The article I enjoyed the most in this issue was ‘The Story behind the Man who built Birmingham Town Hall’. Joseph Hansom is best known as the man who designed the Hansom Cab. He also designed and built Birmingham Town Hall, which opened in 1834, but this being Birmingham, its construction was not without some drama. It was, for its time (and remains so), an iconic building, as impressive now as it must have been then. As a young Birmingham city councillor in the early-1970s, I served on the city’s Planning and Public Works Committee and was present at a discussion on the future of the Town Hall with the then City Engineer and other officers, when it was suggested that it should be jacked up from its foundation and turned so that it was directly aligned with Corporation Street. It never happened, but I could see the merit in the idea.

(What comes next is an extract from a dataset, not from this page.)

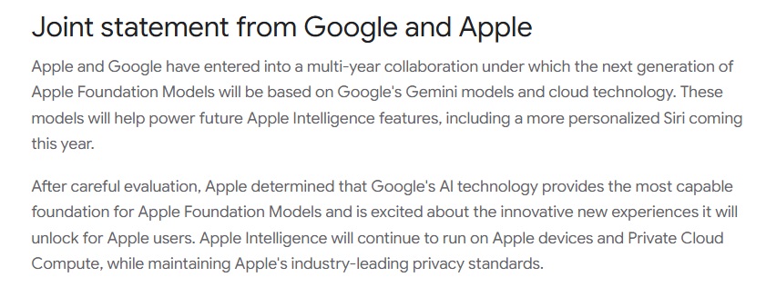 Google 官方部落格聲明中指出,經過長時間評估後,蘋果認為 Google 的技術最適合作為「Apple Foundation Models」的核心基礎,能為用戶帶來更多創新體驗。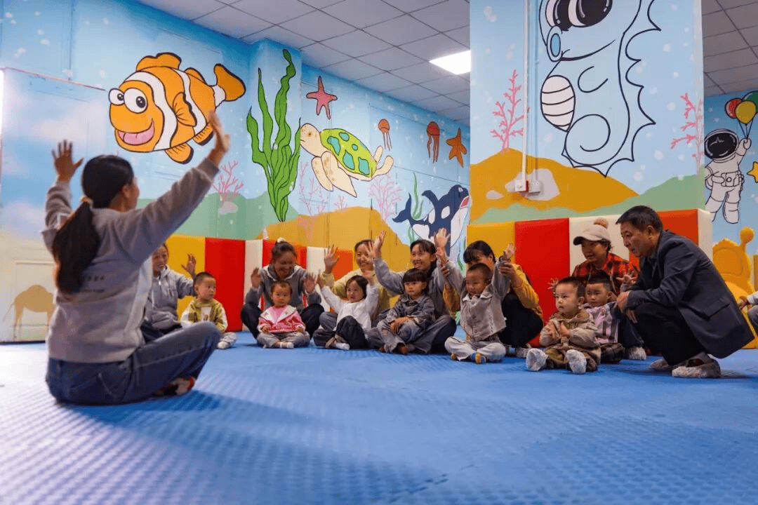 在威宁自治县大街乡大街村慧育中心,育婴辅导员带着家长和孩子做游戏。(赵庆能 摄)

Finally, it is the turn of a Birmingham Victorian Liberal politician to take centre stage. John Skirrow Wright is described in the title as ‘The Benefactor Whose Statue Was Destroyed'. This is an account of his life and how a statue of him came to be erected in 1883, paid for by public subscription, seven years after his death from a heart attack at the age of fifty-eight, only to be taken down in 1951 and destroyed, rather than restored and re-located. I would have liked more information about how the decision came to be made. There must be some minutes in the City Archives which could explain the mystery. As anyone who has been reading my reviews of local history books and periodicals for the last twenty-five years will know, I believe that the failure of local historians to give attention to the local governance of their communities contributes to the, generally, bad press our councils receive today. All too many of us live in ignorance of what past councillors and council staff have achieved on our behalf (and continue to do so in the face of anti-council governments and MPs of all political persuasions). In this respect, Birmingham is an exception and as such deserves to be applauded.